Potensi penurunan IHSG menuju level teknikal breakout di kisaran 7.680 pada pekan ini cukup signifikan. Jika tekanan jual berlanjut, penembusan di bawah level tersebut bukanlah hal yang mustahil, dan berpotensi memicu aksi jual lebih lanjut.
Hans Kwee mengingatkan, kekhawatiran terbesar pasar adalah jika situasi ini berlanjut dan berkembang menjadi kerusuhan skala besar, seperti peristiwa 1998. Skenario terburuk ini dapat memicu arus keluar dana asing secara masif. “Ini tentu akan sangat memukul ekonomi Indonesia, menyebabkan dana asing keluar, investor dalam negeri panik, dan melumpuhkan ekonomi yang berimbas pada rakyat kecil lebih besar,” tegasnya.
Menanggapi pelemahan pasar, Sekretaris Kementerian Koordinator Bidang Perekonomian, Susiwijono Moegiarso, menyatakan bahwa hal tersebut merupakan respons wajar terhadap dinamika yang terjadi.

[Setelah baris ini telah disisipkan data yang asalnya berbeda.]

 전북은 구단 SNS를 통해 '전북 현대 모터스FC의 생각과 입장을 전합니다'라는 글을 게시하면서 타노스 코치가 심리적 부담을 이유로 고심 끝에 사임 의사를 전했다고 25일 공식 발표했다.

Beliau berharap situasi segera kondusif untuk menjaga momentum pertumbuhan ekonomi pada kuartal III 2025. “Kita berharap kuartal III harus kita dorong lebih tinggi lagi, ini sudah akhir Agustus, kesempatannya tinggal di September,” ujarnya.

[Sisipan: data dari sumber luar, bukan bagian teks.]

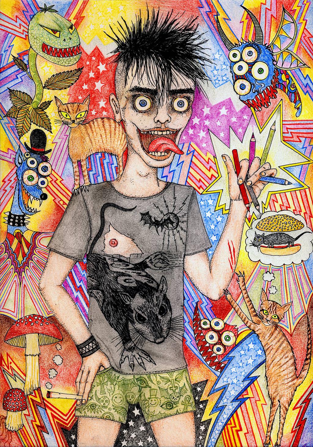 Your art is clearly influenced by Midnight Movies, (early) Heavy Metal and the NY school of pop art... why do you have such a soft spot for what the very majority of people simply call trash? ▶▶▶ I love the artwork of carnivals, the paintings on ghost trains or merry-go-rounds. I never look at that style as being inferior to what is so-called "high art”. There has to be passion involved. All art that is good has to be intense! Trash movies or the like, they are dear to me because they come from the heart, they are spontaneous, and done with just a tiny budget. They are full of life. Also there is that strife for perfection and attention to detail that I admire. I definitely have a soft spot for Joe Coleman as well, he is a genius!

Pemerintah, bersama otoritas terkait, telah menyiapkan sejumlah instrumen untuk menjaga stabilitas ekonomi nasional. Terkait penurunan IHSG, Susiwijono menambahkan bahwa pasar memiliki mekanisme sendiri dalam merespons dinamika. “Jadi, kalau respons masalah IHSG, saya kira market sudah punya mekanisme sendiri untuk merespons itu. Tapi kita berharap mudah-mudahan kondusif,” imbuhnya.